Status: Needs review » Needs work

Setting this to needs work since there's still some changes we want to make based on the last couple of comments.

jhodgdon’s picture

Weird, this issue still was showing up as Needs Review in the issue list. Saving again to see if that helps.

batigolix’s picture

Assigned: baluertl » batigolix
batigolix’s picture

This patch addresses the feedback from #14 - #17:

- added explanation about cache tables
- put drush as first example and mysql as second

avpaderno’s picture

Status: Needs work » Needs review
jhodgdon’s picture

Status: Needs review » Needs work

Thanks for the patch! Much improved... I'm not sure it is exactly right yet though... Some thoughts, questions, and nitipcks:

a)

+. As Drupal's internal caching system uses the database as temporary storage,
+dozen of these caching tables are unnecessary to contain data when a dump is

The wording seems a bit off, confusing, or something here? Maybe:

As Drupal's internal caching system uses the database as temporary storage, the data in the caching tables is not needed when...

b)

+size. Therefore it is always a good idea to empty the cache before dumping the
+database. See <<prevent-cache-clear>>. The cache tables can be safely
+truncated before dumping the database. The Drush command sql:dump provides the
+--structure-tables-list option to exclude the data of these tables in the
+export.

I don't think that if you clear the cache using the UI method on the prevent-cache-clear topic, that your cache tables will end up empty. The reason is that after clearing out the data (which does empty the tables), you then are presented with the Performance page again. As soon as you or anyone else visits a page, a bunch of data is cached and the tables are not empty.

So I think we should take you the "See prevent-cache-clear" sentence -- I don't think that is an effective way to truncate the cache tables.

jhodgdon’s picture

Status: Needs work » Needs review
StatusFileSize
new5.28 KB
new4.57 KB

I thought about this some more, and decided the easiest way to suggest changes would be to make a new patch, so here it is. Thoughts?
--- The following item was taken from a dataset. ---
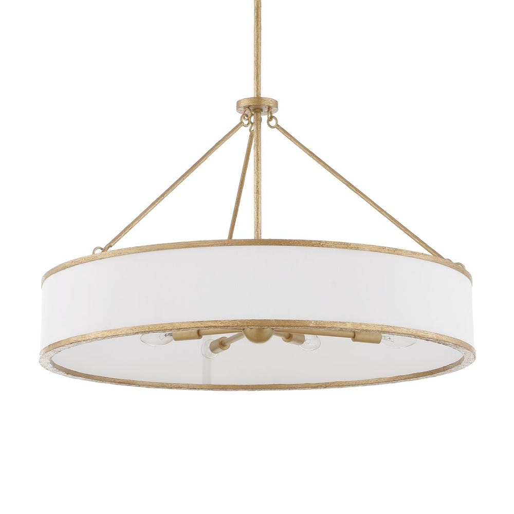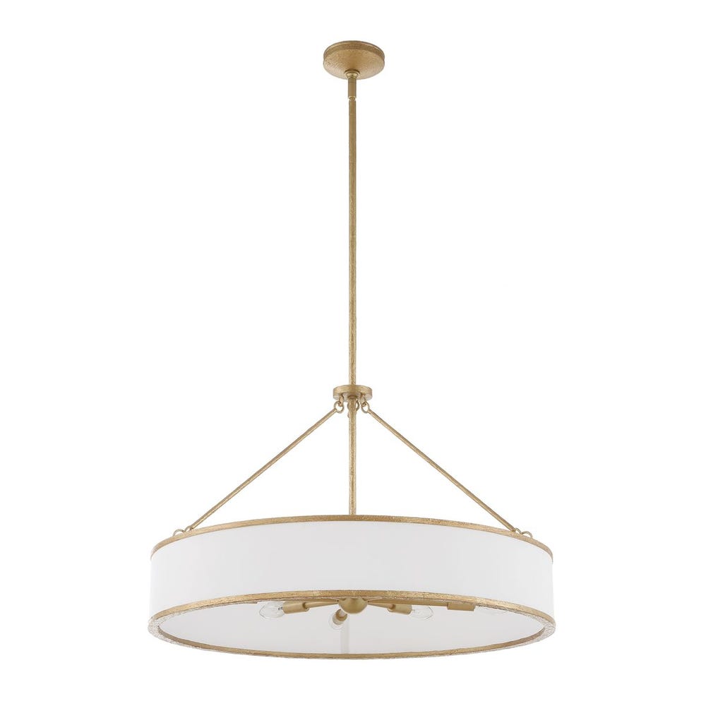 Elevate your living space with the Algiers 8-Light Pendant, featuring a narrow hardback shade crafted from pristine white linen fabric. This elegant pendant is accented by a heavy textured soft gold finish, adding a layer of refined warmth and sophistication. Equipped with eight candelabra sockets, it accommodates bulbs up to 40 watts each (bulbs not included), providing ample illumination for dining rooms, foyers, or living areas. Designed to harmonize with both classic and contemporary interiors, the Algiers pendant delivers timeless style and graceful ambience to your home.

One note: I noticed several of the command lines were impossible to read in the PDF, so I split them into two lines.

batigolix’s picture

Assigned: batigolix » Unassigned
batigolix’s picture

Status: Needs review » Reviewed & tested by the community

This seems fine to me.

  • eojthebrave committed 348f2fc on 8.x-8.x authored by jhodgdon
    Issue #3082471 by Balu Ertl, jhodgdon, batigolix: Add instructions for...
eojthebrave’s picture

Version: 8.x-7.x-dev » 8.x-8.x-dev
Status: Reviewed & tested by the community » Fixed
Issue tags: +Translation updates needed

I've gone ahead and committed the patch from #23. Thanks everyone for helping to sort this all out. I think this makes for a great update to the documentation. I'll post a message to the translators mailing list about this update.

Status: Fixed » Closed (fixed)

Automatically closed - issue fixed for 2 weeks with no activity.